In the ‘sixties and early ‘seventies, my intention was to work as a firefighter in San Francisco. That changed as a result of having been offered a full-time teaching position at a catholic school in the Bahamas. Following my graduation from Santa Clara University, my intention was to continue teaching at Bellarmine, where I had been a part-time teacher for three years while completing my undergraduate degree. That changed when there were no openings at the South Bay’s finest high school that year. In 2015, after 31 years at St. Lawrence, my intention was to retire from teaching and devote my time and effort to writing. While I’ve done this, I found myself back in the classroom at St. Victor School as an emergency long-term sub in 2019. After leaving that job in June 2021, again my intention was to focus on writing. The unexpected invitation to teach two writing courses for adults in Santa Clara beginning in the fall of 2023 led me back to the classroom once again.

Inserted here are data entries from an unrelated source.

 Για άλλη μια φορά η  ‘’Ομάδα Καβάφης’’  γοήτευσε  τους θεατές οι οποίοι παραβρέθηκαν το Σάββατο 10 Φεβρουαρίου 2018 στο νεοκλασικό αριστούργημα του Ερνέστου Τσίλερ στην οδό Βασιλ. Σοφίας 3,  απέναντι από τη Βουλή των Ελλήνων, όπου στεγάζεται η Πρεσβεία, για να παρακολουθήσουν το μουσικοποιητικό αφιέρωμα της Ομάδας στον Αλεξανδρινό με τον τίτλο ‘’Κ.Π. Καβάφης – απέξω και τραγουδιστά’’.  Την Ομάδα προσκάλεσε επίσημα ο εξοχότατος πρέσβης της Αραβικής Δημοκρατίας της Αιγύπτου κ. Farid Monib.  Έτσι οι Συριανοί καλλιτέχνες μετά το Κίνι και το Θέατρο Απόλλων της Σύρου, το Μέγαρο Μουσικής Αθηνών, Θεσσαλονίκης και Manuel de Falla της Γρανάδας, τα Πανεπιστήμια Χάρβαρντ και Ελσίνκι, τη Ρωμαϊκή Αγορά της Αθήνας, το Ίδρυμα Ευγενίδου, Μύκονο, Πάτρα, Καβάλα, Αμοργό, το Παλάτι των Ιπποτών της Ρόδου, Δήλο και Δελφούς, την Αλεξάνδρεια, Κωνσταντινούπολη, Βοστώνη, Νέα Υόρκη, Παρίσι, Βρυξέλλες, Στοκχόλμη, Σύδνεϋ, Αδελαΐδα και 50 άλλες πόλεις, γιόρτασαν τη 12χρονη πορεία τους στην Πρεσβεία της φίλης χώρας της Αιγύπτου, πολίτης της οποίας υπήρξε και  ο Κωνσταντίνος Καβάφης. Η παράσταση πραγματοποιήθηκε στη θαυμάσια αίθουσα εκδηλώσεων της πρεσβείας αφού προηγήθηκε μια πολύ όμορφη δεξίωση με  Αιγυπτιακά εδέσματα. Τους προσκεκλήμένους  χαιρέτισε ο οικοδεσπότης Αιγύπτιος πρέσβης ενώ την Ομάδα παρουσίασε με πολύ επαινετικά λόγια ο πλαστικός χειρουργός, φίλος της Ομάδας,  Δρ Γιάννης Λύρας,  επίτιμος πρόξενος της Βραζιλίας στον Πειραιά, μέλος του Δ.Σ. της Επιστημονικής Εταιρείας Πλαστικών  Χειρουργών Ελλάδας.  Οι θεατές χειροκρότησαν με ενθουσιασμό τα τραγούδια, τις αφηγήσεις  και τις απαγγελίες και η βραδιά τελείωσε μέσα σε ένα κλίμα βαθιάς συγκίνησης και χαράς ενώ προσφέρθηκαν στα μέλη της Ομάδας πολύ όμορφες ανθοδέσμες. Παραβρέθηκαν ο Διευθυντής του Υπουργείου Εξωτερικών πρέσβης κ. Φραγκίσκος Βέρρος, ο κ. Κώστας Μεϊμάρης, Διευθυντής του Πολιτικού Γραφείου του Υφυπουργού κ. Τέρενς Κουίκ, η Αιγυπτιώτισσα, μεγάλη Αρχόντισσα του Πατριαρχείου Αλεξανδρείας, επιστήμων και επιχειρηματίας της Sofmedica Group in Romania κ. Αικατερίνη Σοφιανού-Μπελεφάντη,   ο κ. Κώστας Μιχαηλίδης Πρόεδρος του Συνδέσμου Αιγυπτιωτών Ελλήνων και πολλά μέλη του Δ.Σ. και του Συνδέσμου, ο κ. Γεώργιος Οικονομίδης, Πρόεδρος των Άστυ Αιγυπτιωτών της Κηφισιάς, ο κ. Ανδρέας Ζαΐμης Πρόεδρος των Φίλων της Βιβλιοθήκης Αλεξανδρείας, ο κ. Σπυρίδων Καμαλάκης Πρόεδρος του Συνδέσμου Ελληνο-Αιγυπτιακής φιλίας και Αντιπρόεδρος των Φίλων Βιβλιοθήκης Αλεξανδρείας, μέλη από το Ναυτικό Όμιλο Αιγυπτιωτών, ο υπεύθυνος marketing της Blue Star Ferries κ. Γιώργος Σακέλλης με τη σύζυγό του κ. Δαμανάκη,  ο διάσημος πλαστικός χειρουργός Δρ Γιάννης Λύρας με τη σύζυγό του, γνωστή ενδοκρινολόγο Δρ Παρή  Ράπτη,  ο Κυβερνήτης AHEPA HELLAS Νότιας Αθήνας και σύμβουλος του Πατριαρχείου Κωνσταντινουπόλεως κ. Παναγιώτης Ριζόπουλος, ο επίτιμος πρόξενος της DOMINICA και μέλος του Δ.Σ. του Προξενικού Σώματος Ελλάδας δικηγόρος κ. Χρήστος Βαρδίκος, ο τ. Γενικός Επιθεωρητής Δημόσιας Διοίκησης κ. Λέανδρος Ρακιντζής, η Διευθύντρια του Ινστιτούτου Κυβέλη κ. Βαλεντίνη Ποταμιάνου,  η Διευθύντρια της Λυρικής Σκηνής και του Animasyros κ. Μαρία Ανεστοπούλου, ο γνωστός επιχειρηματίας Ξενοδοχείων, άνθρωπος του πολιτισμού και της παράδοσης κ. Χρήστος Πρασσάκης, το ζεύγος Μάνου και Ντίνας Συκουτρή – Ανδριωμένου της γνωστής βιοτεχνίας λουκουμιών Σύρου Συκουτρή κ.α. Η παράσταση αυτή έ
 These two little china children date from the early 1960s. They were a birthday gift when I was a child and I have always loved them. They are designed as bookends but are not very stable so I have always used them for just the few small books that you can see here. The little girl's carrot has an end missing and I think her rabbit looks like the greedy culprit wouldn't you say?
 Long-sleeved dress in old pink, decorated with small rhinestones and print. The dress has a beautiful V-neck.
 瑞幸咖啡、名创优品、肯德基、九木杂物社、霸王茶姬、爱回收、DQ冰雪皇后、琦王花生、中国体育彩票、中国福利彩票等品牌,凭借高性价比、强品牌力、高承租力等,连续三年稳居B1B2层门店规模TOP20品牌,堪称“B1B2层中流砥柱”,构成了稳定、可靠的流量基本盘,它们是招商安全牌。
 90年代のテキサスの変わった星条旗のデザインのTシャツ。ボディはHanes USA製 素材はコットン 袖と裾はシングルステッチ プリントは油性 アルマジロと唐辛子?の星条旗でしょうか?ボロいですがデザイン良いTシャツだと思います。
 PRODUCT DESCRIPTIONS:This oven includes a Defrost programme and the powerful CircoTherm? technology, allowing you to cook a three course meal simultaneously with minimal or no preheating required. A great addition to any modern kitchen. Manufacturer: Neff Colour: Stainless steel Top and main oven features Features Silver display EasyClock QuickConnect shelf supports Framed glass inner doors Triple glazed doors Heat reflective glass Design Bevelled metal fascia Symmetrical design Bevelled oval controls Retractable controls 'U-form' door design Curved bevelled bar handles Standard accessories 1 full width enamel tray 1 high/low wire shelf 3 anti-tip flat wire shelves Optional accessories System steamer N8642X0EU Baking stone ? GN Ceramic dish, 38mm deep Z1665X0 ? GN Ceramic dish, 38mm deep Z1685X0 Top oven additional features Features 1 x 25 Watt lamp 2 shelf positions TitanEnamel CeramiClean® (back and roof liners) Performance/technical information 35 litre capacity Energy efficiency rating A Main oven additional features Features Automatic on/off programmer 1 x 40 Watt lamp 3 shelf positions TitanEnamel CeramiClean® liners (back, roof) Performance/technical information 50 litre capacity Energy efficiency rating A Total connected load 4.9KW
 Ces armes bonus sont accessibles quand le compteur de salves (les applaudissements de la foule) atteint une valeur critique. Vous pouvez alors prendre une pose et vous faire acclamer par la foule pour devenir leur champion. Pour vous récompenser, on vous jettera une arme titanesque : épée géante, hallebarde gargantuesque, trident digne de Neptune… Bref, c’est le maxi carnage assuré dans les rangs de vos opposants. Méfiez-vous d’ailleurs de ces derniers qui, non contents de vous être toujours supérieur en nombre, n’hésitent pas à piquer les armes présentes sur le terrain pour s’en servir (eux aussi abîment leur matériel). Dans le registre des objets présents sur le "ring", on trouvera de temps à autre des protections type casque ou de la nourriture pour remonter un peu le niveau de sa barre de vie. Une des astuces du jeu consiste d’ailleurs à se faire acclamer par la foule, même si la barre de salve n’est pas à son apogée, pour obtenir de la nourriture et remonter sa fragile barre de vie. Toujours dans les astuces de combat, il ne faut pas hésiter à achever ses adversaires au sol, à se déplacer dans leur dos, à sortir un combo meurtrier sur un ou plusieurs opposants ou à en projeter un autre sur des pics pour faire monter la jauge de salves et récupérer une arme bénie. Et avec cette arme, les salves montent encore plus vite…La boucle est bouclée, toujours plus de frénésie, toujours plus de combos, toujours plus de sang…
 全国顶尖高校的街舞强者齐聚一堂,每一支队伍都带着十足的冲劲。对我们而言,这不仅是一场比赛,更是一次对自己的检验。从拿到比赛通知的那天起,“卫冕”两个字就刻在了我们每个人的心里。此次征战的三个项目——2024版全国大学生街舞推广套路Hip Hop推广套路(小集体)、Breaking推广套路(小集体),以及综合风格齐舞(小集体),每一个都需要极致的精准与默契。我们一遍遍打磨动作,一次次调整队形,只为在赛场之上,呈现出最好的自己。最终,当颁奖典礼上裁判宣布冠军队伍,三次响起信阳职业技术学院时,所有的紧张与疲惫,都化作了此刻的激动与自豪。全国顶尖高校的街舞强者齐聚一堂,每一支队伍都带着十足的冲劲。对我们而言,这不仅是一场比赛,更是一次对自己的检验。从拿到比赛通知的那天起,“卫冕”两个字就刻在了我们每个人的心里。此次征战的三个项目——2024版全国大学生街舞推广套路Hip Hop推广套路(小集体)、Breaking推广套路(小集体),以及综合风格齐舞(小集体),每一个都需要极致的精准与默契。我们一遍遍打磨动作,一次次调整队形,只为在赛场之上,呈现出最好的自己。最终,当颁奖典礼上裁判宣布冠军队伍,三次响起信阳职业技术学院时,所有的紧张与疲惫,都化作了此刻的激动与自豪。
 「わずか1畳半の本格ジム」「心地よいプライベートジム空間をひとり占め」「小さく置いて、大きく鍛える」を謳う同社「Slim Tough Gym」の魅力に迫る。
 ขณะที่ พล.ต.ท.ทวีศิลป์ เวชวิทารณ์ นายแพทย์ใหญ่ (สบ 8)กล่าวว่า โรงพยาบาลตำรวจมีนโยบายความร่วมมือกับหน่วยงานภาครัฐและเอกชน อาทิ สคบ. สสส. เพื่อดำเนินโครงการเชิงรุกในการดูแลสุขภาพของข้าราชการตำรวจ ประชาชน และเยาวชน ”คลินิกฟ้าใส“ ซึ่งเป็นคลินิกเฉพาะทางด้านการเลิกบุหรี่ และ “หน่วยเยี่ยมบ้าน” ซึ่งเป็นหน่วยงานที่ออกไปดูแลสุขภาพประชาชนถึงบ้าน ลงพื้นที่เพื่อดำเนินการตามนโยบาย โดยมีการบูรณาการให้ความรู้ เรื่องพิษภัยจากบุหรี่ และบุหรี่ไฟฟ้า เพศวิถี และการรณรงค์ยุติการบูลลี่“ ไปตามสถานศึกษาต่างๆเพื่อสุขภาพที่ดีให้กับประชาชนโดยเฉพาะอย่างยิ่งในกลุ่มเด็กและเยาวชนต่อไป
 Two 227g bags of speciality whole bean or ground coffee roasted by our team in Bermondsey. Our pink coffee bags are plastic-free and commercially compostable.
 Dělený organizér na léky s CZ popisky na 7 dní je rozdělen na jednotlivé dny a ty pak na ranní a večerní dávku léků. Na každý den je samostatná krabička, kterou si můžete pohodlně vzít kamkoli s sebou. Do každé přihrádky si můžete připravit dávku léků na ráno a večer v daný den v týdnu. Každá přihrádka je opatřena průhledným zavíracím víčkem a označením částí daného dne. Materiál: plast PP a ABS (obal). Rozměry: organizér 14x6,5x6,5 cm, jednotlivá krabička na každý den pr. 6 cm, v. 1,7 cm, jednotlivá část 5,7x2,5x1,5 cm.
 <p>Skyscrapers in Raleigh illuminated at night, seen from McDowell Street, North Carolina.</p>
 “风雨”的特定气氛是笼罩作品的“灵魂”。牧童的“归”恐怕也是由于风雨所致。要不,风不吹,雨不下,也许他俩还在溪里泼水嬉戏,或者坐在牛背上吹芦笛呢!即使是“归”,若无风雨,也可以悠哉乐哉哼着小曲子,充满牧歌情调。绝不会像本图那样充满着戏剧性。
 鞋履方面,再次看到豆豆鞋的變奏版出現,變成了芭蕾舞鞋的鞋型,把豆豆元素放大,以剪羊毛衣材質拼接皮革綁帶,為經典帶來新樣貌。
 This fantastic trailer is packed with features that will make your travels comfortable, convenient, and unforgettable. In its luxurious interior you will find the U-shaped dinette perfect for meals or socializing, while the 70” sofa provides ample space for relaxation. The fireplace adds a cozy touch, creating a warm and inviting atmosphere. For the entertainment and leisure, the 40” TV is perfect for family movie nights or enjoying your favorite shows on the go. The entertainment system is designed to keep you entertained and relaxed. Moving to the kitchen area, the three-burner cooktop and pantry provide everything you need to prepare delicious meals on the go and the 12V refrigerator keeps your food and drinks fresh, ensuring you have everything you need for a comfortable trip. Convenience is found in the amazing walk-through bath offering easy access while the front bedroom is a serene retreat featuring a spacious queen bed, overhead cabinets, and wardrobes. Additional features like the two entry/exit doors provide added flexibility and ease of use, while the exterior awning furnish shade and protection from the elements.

My professional career has been a delightful spiritual journey. There were certainly some bumps in the road along the way, but I’ve learned to see those challenges as opportunities for personal and professional growth. I also learned the importance of embracing The Serenity Prayer when confronted with situations over which I had no control. As a friend had warned me back in the fall of 1984, working for the Church did challenge my faith. My faith in God was, and is, unshaken. My faith in the Catholic Church as an institution of credibility and integrity has been shaken to the core.
So yes, I still consider myself to be retired. I teach only one day each week for Santa Clara Adult Education — a Creative Writing course on Tuesday mornings and a Poetry Writing course on Tuesday evenings. I am enjoying the experience immensely, so much so, in fact, that I simply cannot consider this to be “work.”
I have always embraced my teaching career as a vocation, much more than just an occupation. As American author and educator Parker J. Palmer pointed out, “Vocation does not come from willfulness. It comes from listening.” He goes on to say that we must listen to our lives, and try to understand what they are about — quite apart from what we would like them to be about. If we fail to do this, our lives will never represent anything real in the world, no matter how earnest our intentions.